On April 6, 2017, New York Attorney General Eric T. Schneiderman announced that privacy compliance company TRUSTe, Inc., agreed to settle allegations that it failed to properly verify that customer websites aimed at children did not run third-party software to track users. According to Attorney General Schneiderman, the enforcement action taken by the NY AG is the first to target a privacy compliance company over children’s privacy.
TRUSTe was certified by the FTC to operate a Children’s Online Privacy Protection Act (“COPPA”) safe harbor program, under which companies could use its COPPA services to demonstrate compliance with the law. The NY AG alleged that TRUSTe failed to run scans of “most or all” of its 32 customers’ websites for third-party tracking technology on the children’s webpages of those websites. The NY AG further alleged that TRUSTe “failed to make a reasonable determination as to whether third-party tracking technologies present on clients’ websites violated COPPA, certifying child-directed websites despite information indicating that third parties present on those websites collected and used the personal information of users in a manner prohibited by COPPA.”

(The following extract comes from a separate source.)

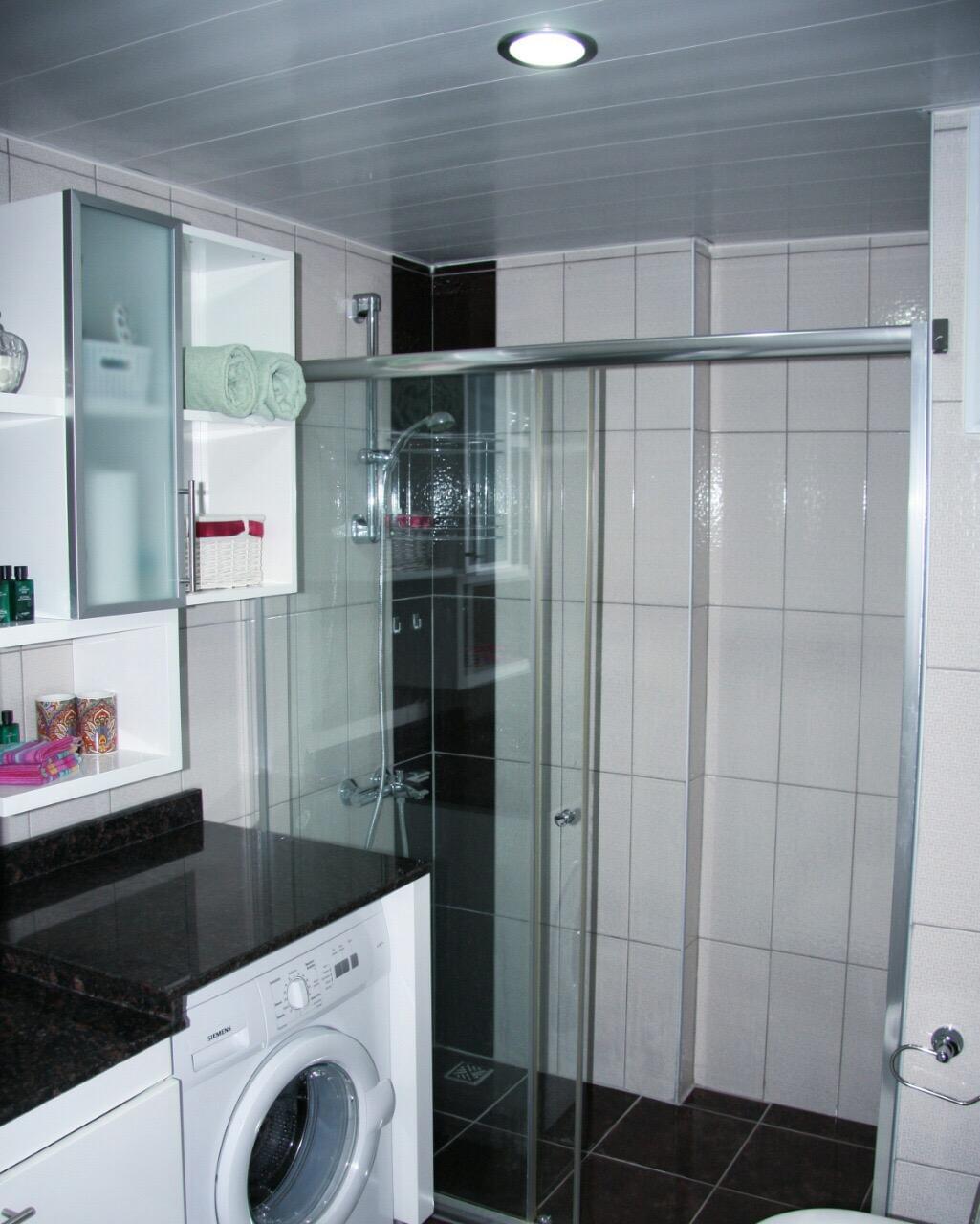 Ванная комната: Сантехника, душевая кабина, электрический водонагреватель, стиральная машина Сименс.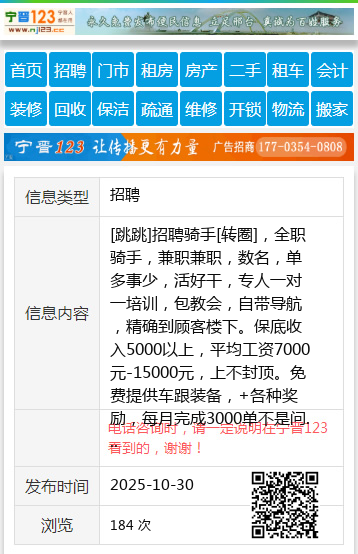 [跳跳]招聘骑手[转圈],全职骑手,兼职兼职,数名,单多事少,活好干,专人一对一培训,包教会,自带导航,精确到顾客楼下。保底收入5000以上,平均工资7000元-15000元,上不封顶。免费提供车跟装备,+各种奖励,每月完成3000单不是问题。欢迎各路大神骚扰[勾引][勾引][勾引][勾引]电话18746402070(微信同步)饿了么18746402070 【电话咨询时,请一定说明在七台河信息网看到的,谢谢!】 |

Under the terms of the settlement, TRUSTe agreed to pay $100,000 and “adopt new measures to strengthen its privacy assessments,” including (1) conducting an annual review of the information policies, practices and representations of each customer that participates in its COPPA safe harbor program; (2) requiring customers to conduct comprehensive internal assessments of their practices relating to information collection and use and (3) providing regular training to individuals responsible for performing assessments within the COPPA safe harbor program.